─── Input for this task ───

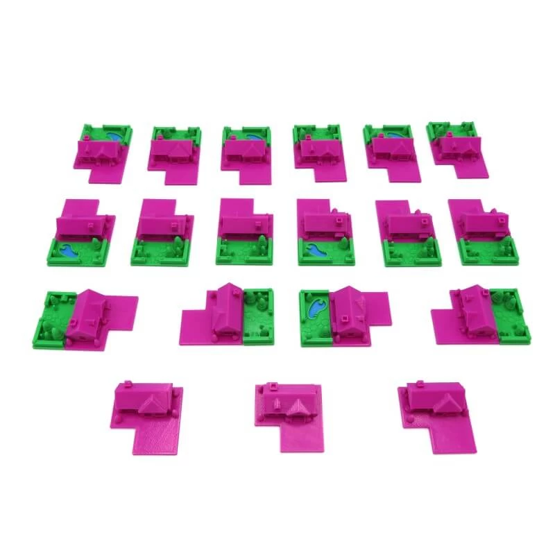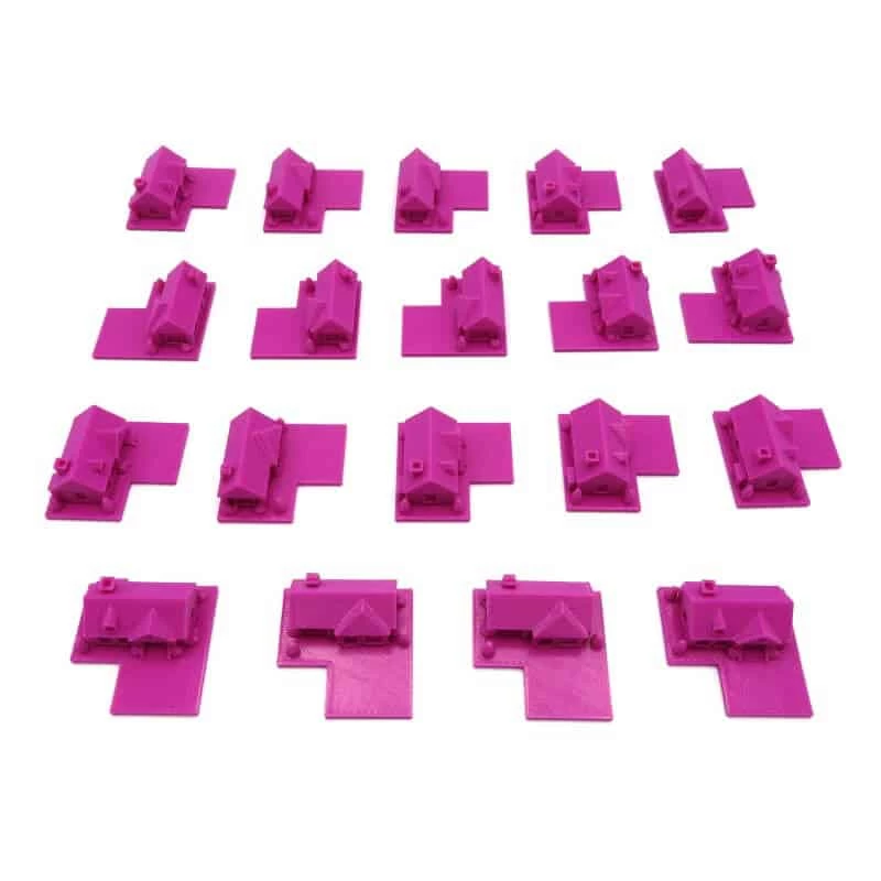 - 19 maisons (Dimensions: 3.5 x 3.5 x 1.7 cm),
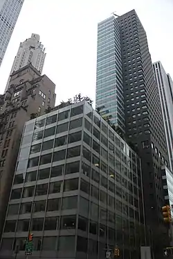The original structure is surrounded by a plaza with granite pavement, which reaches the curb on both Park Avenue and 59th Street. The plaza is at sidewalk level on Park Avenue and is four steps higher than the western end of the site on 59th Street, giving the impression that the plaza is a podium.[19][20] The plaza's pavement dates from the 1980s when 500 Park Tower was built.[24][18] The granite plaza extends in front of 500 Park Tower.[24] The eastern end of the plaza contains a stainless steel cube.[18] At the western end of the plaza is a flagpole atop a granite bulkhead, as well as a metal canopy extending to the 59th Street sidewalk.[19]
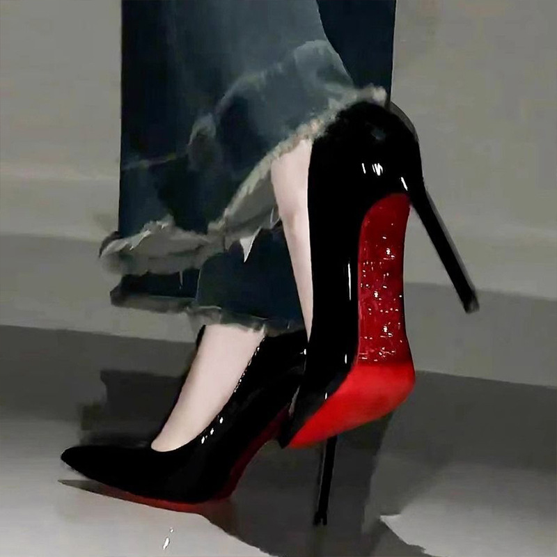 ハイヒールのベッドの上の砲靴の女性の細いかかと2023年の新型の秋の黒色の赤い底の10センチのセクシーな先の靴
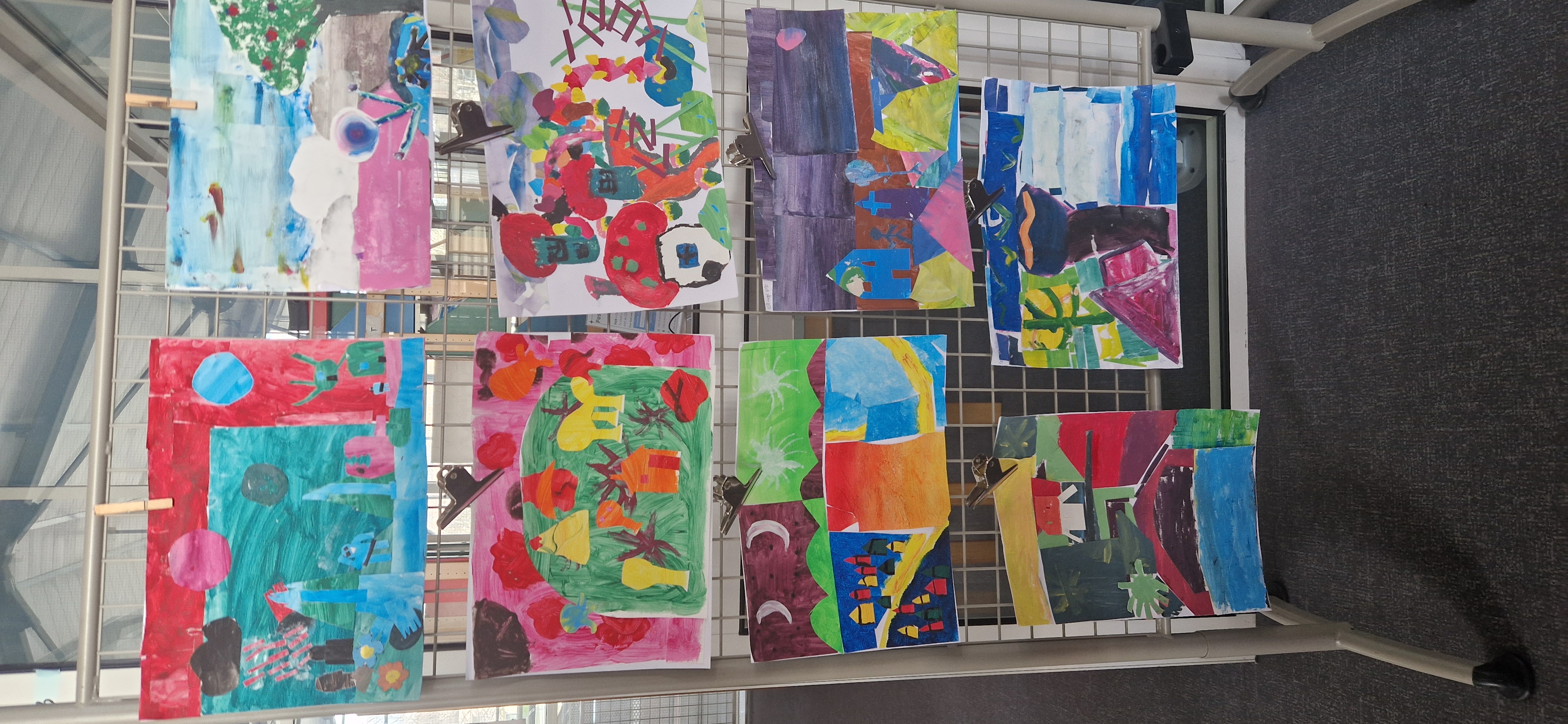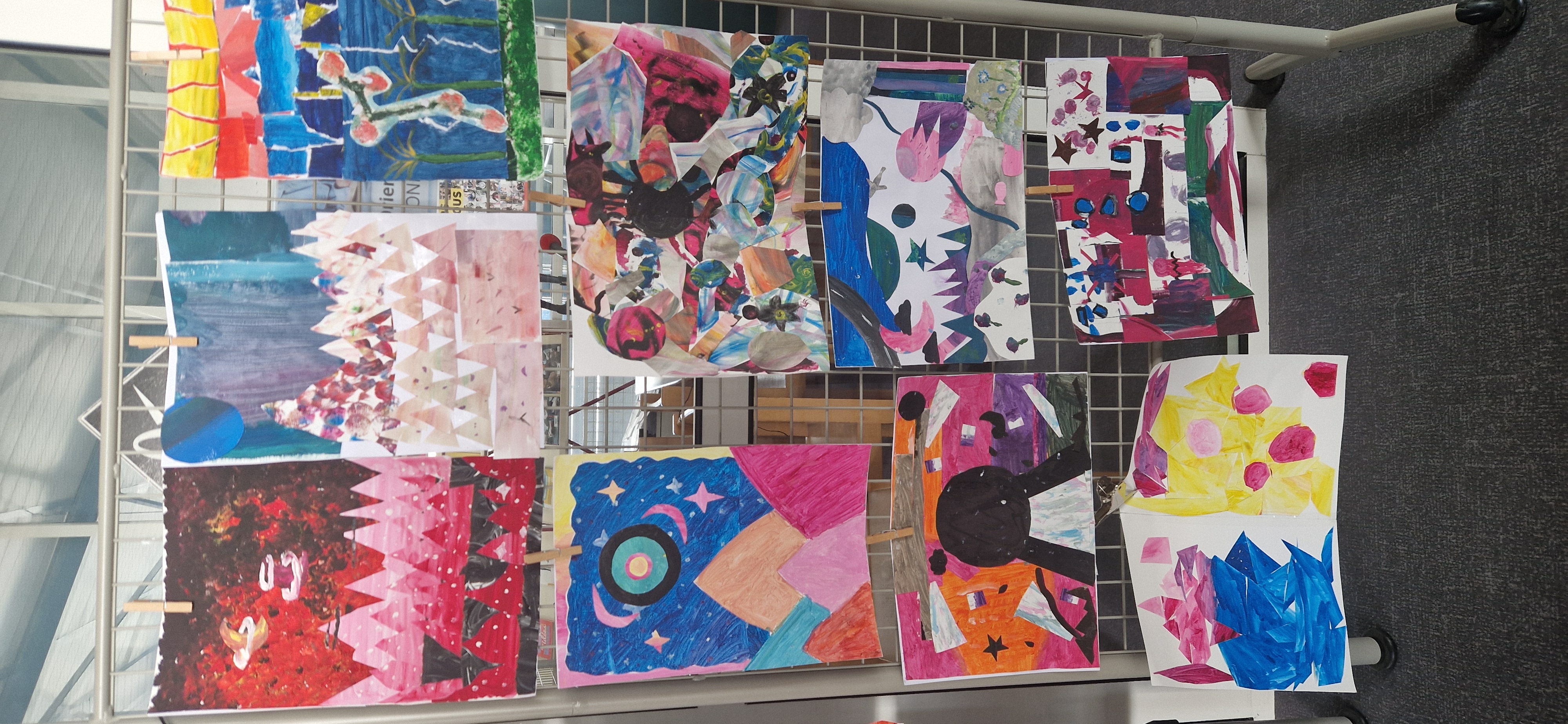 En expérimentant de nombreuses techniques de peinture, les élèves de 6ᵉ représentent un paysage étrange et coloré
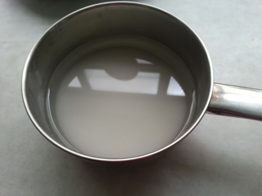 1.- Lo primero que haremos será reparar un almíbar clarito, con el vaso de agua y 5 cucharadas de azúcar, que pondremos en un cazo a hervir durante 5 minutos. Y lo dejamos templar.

───

◆ **Try it**: Without the pictures, give the entries above back exactly.

◆ **Solution to this task**:
 - 19 maisons (Dimensions: 3.5 x 3.5 x 1.7 cm),
The original structure is surrounded by a plaza with granite pavement, which reaches the curb on both Park Avenue and 59th Street. The plaza is at sidewalk level on Park Avenue and is four steps higher than the western end of the site on 59th Street, giving the impression that the plaza is a podium.[19][20] The plaza's pavement dates from the 1980s when 500 Park Tower was built.[24][18] The granite plaza extends in front of 500 Park Tower.[24] The eastern end of the plaza contains a stainless steel cube.[18] At the western end of the plaza is a flagpole atop a granite bulkhead, as well as a metal canopy extending to the 59th Street sidewalk.[19]
 ハイヒールのベッドの上の砲靴の女性の細いかかと2023年の新型の秋の黒色の赤い底の10センチのセクシーな先の靴
 En expérimentant de nombreuses techniques de peinture, les élèves de 6ᵉ représentent un paysage étrange et coloré
 1.- Lo primero que haremos será reparar un almíbar clarito, con el vaso de agua y 5 cucharadas de azúcar, que pondremos en un cazo a hervir durante 5 minutos. Y lo dejamos templar.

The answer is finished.